COMPUTATIONAL AND PHYSIOLOGICAL STUDY OF RETINAL NEURONS

视网膜神经元的计算和生理学研究

• 批准号: 6628661
• 负责人: Robert Francis Miller
• 金额: $ 27.51万
• 依托单位: UNIVERSITY OF MINNESOTA
• 依托单位国家: 美国
• 财政年份: 2000
• 资助国家: 美国
• 起止时间: 2000-02-17 至 2005-01-31
• 项目状态: 已结题
• 来源: https://reporter.nih.gov/project-details/6628661
• 关键词: AMPA receptors; NMDA receptors; Urodela; alternatives to animals in research; amacrine cells; biological models; computer simulation; dendrites; electrophysiology; laboratory rabbit; microelectrodes; model design /development; neural transmission; neurophysiology; neurotransmitter transport; retinal bipolar neuron; retinal ganglion; single cell analysis; synapses; voltage gated channel

This research proposal is designed to improve our understanding of the physiological mechanisms which regulate the excitability of ganglion and amacrine cells in the vertebrate retina. The methods we will use in this study represent a unique combination of modeling and computer simulation analysis together with physiological and morphological experiments. One of the major objectives of this combined study will be to expand and refine a detailed, multichannel model of impulse generation in ganglion cells with special emphasis on the role which dendrites play in contributing to the impulse encoding properties of these cells. For this project we will use patch-electrode techniques directed to studies of the dendrites of single, identified, dissociated ganglion cells to identify and characterize the types of voltage-gated ion channels in dendrites. Data from these studies will be used to refine our ganglion cell model to more accurately reflect the contribution which dendrites make to impulse generation. Similar modeling studies will be carried out in amacrine cells which generate impulse activity. A second phase of this research is to examine the mechanisms of transmitter release from bipolar cell terminals with special emphasis on the ribbon synapses which appear to serve as an amplification device for exocytotic release of glutamate. This approach will also include models of AMPA and NMDA receptors connected to different cellular regions using compartmental models of realistic cell morphologies. Models of the time course of synaptic currents generated by AMPA and NMDA glutamate receptors will be based on kinetic studies we will carry out using rapid perfusion techniques. We will also generate a multiple ion channel model to simulate impulse encoding in mammalian ganglion cells, based on realistic morphologies and impulse train records from whole-cell recordings of cat ganglion cells. The purpose of this research is to formulate models which will work in synergy to guide and enhance our experimental efforts to decipher to mechanisms that are critical for function among third-order retinal neurons.

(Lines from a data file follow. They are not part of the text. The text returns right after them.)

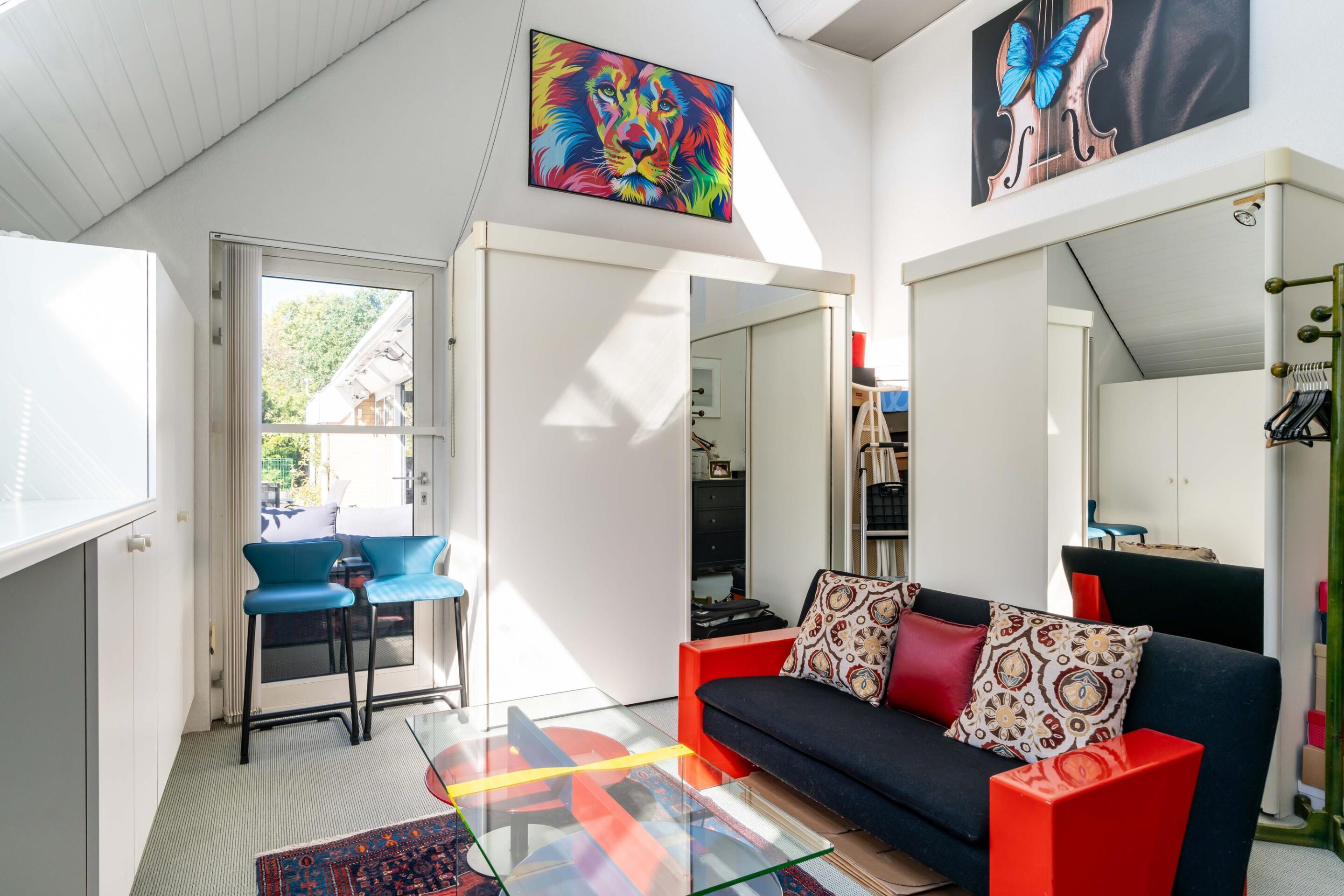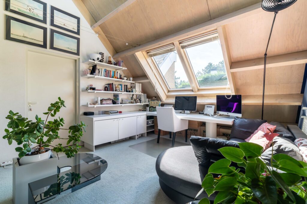 Via de eethoek leidt een trap naar de vide, momenteel ingericht als werkkamer, met toegang tot een extra slaapkamer met balkon.
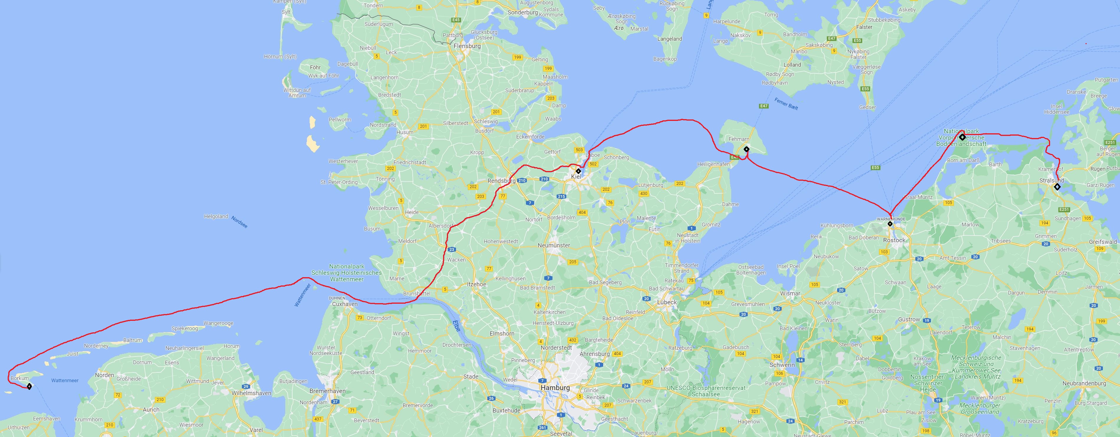 Stefan kommt mit Tochter Eira und Freund Artur in Stralsund an Bord, um mit mir die erste Etappe Richtung West zu segeln und das Boot in eine gute Ausgangsposition in der Nordsee zu bringen. Wir legen Freitagnachmittag sofort nach ihrer Ankunft ab, denn der Wetterbericht zeigt einen aufkommenden Starkwind, und zwar nach dem Prinzip der größten Gemeinheit genau aus West, also gegen an mit bis zu 28 kn in Böen. Wir entscheiden uns in die Nacht zu fahren und kreuzen bei noch mäßigem Wind und herrlichem Sonnenuntergang Richtung Darßer Ort. Morgens um 2 Uhr machen wir als einziges Segelboot im Nothafen fest. Müde, aber zufrieden, das erste Stück geschafft zu haben. Wir bleiben für anderthalb Tage hier und machen Spaziergänge durch das Naturschutzgebiet zum Leuchtturm Darßer Ort und entlang dem Strand nach Prerow.
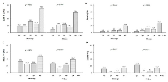 Panel (A,B). The proportion of patients with disability (modified Rankin Scale, mRS 3–6) or death (mRS = 6) on discharge and at day 90 after stroke onset, according to the quintile (quintile 1–quintile 5, Q1–Q5) of C-reactive protein (CRP) values. Panel (C,D). The proportion of patients with disability or death on discharge and at day 90 after stroke onset, according to the quartile (quartile 1–quartile 4, Q1–Q4) of white blood cell count (WBC).
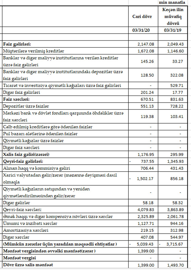 31 Mart 2020-ci il tarixində Bank 255 milyon 411 min manat yığılmış zərərə malik olub.
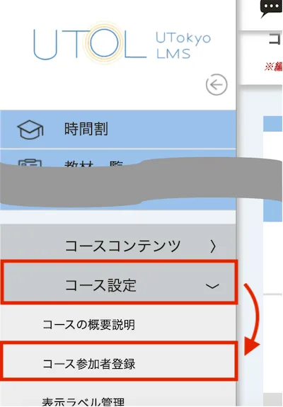 」アイコンを押してください. - 「コース設定」から「コース参加者登録」を選択してください.
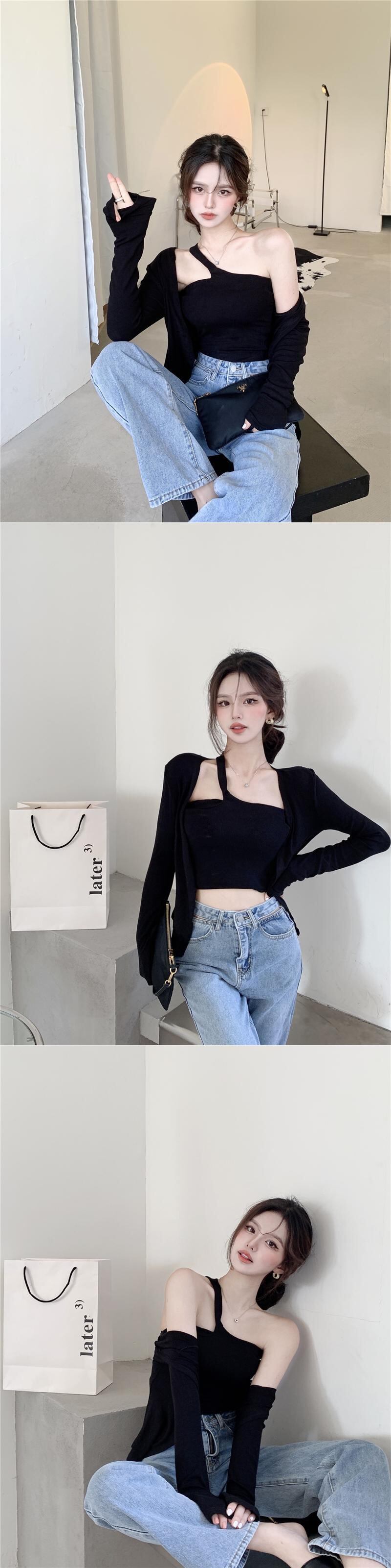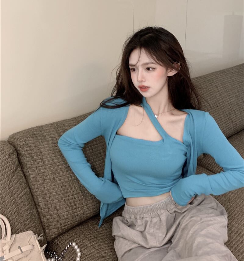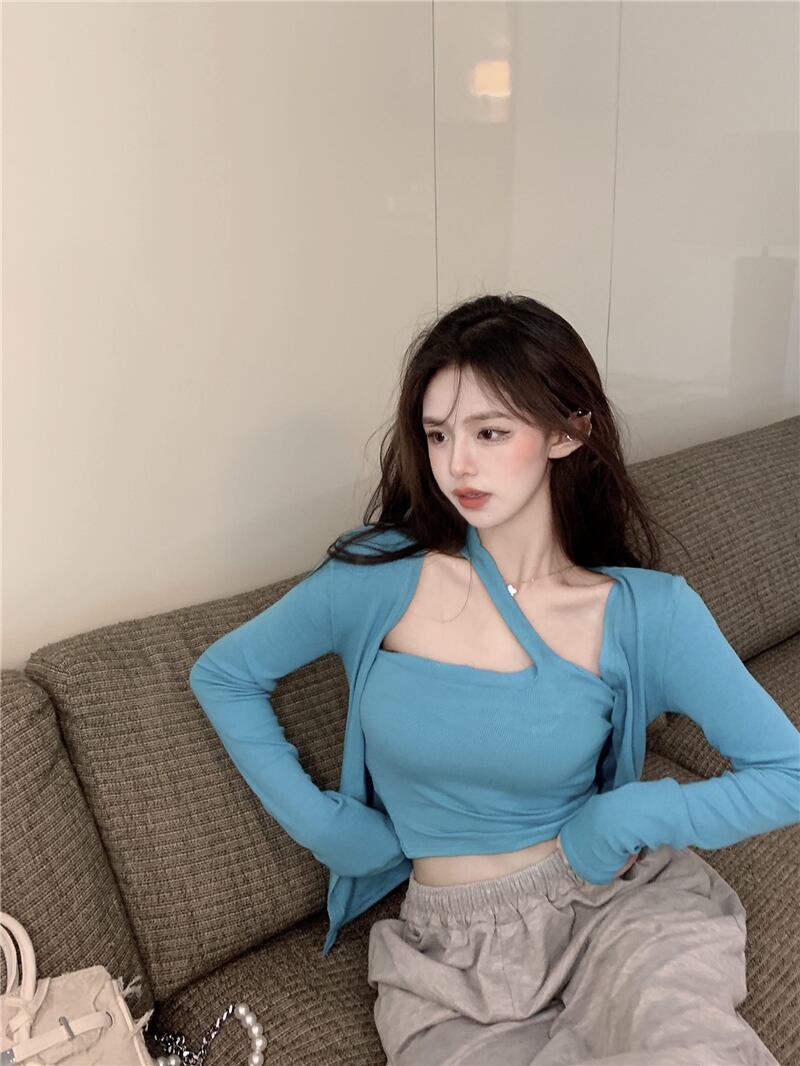 薄手レッドオータムニットカーディガンシャツ ロング ストリート 秋物 ガールズファッション99359087028
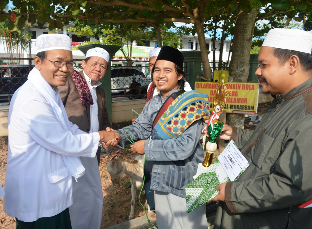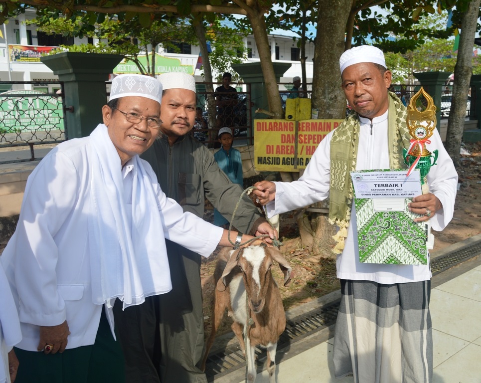 MMCKalteng - Kapus - Wakil Bupati Kapuas HM Nafiah Ibnor menyerahkan secara langsung hadiah berupa satu ekor kambing kepada pemenang juara satu disetiap kategori pada Pawai Gema Takbir Hari Raya Idul Adha 1440 H/ 2019 M. Penyerahan hadiah tersebut berlangsung di halaman Masjid Agung Al Mukarram seusai sholat Idul Adha, Minggu (11/08/2019) pagi.
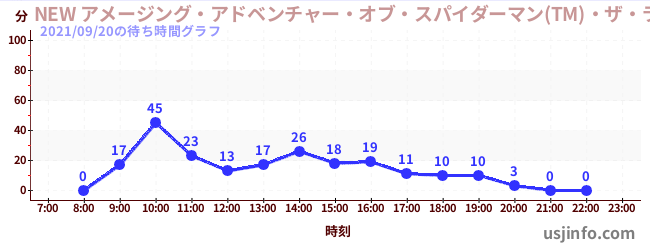 • NEW アメージング・アドベンチャー・オブ・スパイダーマン(TM)・ザ・ライド 4K3D$B$N(B2021年09月20日の待ち時間
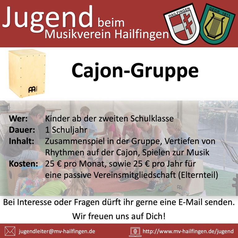 Inhalt: Zusammenspiel in der Gruppe, Vertiefen von Rhythmen auf der Cajon, Spielen zur Musik
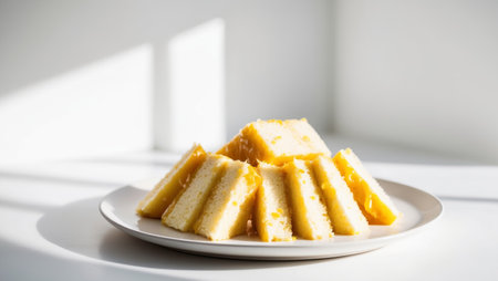 AI Generated. Delicious Lemon Drizzle Cake Slices on White Plate
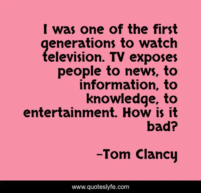 This page presents the quote "I was one of the first generations to watch television. TV exposes people to news, to information, to knowledge, to entertainment. How is it bad?". Author of this quote is Tom Clancy. This quote is about television, people,.

本研究的目的是提高我们对脊椎动物视网膜神经节细胞和无长突细胞兴奋性调节的生理机制的理解。我们将在这项研究中使用的方法代表了一个独特的结合建模和计算机模拟分析，以及生理和形态学实验。这项联合研究的主要目标之一将是扩大和完善一个详细的，多通道的神经节细胞中的冲动产生模型，特别强调树突在这些细胞的冲动编码特性中发挥的作用。在这个项目中，我们将使用贴片电极技术，直接研究单个，确定，解离神经节细胞的树突，以确定和表征树突中电压门控离子通道的类型。这些研究的数据将用于改进我们的神经节细胞模型，以更准确地反映树突对冲动产生的贡献。类似的建模研究将在产生冲动活动的无长突细胞中进行。本研究的第二阶段是研究从双极细胞终端的递质释放的机制，特别强调带状突触，这似乎是作为一个放大装置谷氨酸的胞吐释放。这种方法还将包括AMPA和NMDA受体的模型连接到不同的细胞区域，使用真实的细胞形态的房室模型。AMPA和NMDA谷氨酸受体产生的突触电流的时程模型将基于我们将使用快速灌注技术进行的动力学研究。我们还将生成一个多离子通道模型来模拟哺乳动物神经节细胞中的脉冲编码，基于猫神经节细胞的全细胞记录的真实形态和脉冲串记录。本研究的目的是制定协同工作的模型，以指导和加强我们的实验工作，以破译对三级视网膜神经元功能至关重要的机制。